Georgia C. Brown v. United States

419 F.2d 337
CourtCourt of Appeals for the Eighth Circuit
DecidedJanuary 13, 1970
Docket19569_1
StatusPublished
Cited by15 cases

This text of 419 F.2d 337 (Georgia C. Brown v. United States) is published on Counsel Stack Legal Research, covering Court of Appeals for the Eighth Circuit primary law. Counsel Stack provides free access to over 12 million legal documents including statutes, case law, regulations, and constitutions.

Bluebook
Georgia C. Brown v. United States, 419 F.2d 337 (8th Cir. 1970).

Opinion

GIBSON, Circuit Judge.

The plaintiff Georgia C. Brown seeks to recover under the Federal Tort Claims Act, 28 U.S.C. § 1346, for the alleged negligence of a government doctor in not transmitting information regarding the medical condition of plaintiff’s husband, who died of a coronary thrombosis. In a trial to the court, Judge James H. Meredith held that the plaintiff failed to prove negligence and dismissed the action. A timely appeal followed.

Plaintiff’s husband, James Brown (hereafter referred to as Brown), died on November 6, 1965 at the age of 58. Brown had been chronically and seriously ill for many years. He was the victim of a number of serious diseases including diabetes, chronic bronchitis, hypertension, general arteriosclerosis, arterioscle-rotic heart disease, and perhaps disease of the liver and emphysema.

Brown was temporarily discharged in 1957 from his career in the United States Army due to a lung condition that had rendered him 30 per cent disabled. This discharge was finalized in 1963. In 1960 and 1961 Brown’s legs were amputated above the knee due to his serious arterio-sclerotic condition.

Over the years Brown had received regular treatment for his assorted maladies at the Veteran’s Administration Out-patient Clinic in St. Louis, Missouri, and was under the care of Dr. Joseph Levitt, a specialist in internal medicine and the examining physician at the Clinic.

On April 1, 1965, in a regular visit to the Clinic an electrocardiogram was taken by Dr. Levitt which pictured an atypical T-wave pattern, indicating an insufficient supply of blood to the heart (myocardial ischium) due to narrowing of the coronary arteries caused by arteriosclerosis.

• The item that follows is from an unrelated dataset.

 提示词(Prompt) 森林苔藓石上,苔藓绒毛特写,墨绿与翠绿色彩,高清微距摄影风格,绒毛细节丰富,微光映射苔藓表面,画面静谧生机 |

On October 29, 1965 Brown made another regular visit to Dr. Levitt. As was the custom he was accompanied by the plaintiff. At this visit Dr. Levitt observed that Brown seemed to have lost some weight and appeared somewhat paler than usual. According to the plaintiff, Brown minimized some numbness felt in his arm by remarking he had slept on it. (Dr. Levitt denied knowing anything about numbness in Brown’s arm.) Dr. Levitt examined Brown’s heart and lungs and found no unusual condition. An X-ray was taken but not read until a day or two later. It indicated an enlarged heart and perhaps some lung congestion. 1

On Wednesday, November 3, 1965 plaintiff called Dr. Levitt because, in her words, Brown had taken a turn for the worse, was short of breath at the least exertion, was sleeping all the time, and was not eating. Dr. Levitt explained to plaintiff that government regulations prevented him from making a house call and suggested first that plaintiff bring Brown to the Clinic, which she did not feel able to do because of Brown’s weak condition, and alternatively that Brown *339 be taken to the Veteran’s Administration Hospital for further evaluation. Dr. Levitt then arranged for an ambulance to convey Brown to the VA Hospital in St. Louis. Dr. Levitt testified that he had not recommended or ordered Brown to be hospitalized but merely requested that Brown be taken to the Hospital for further evaluation.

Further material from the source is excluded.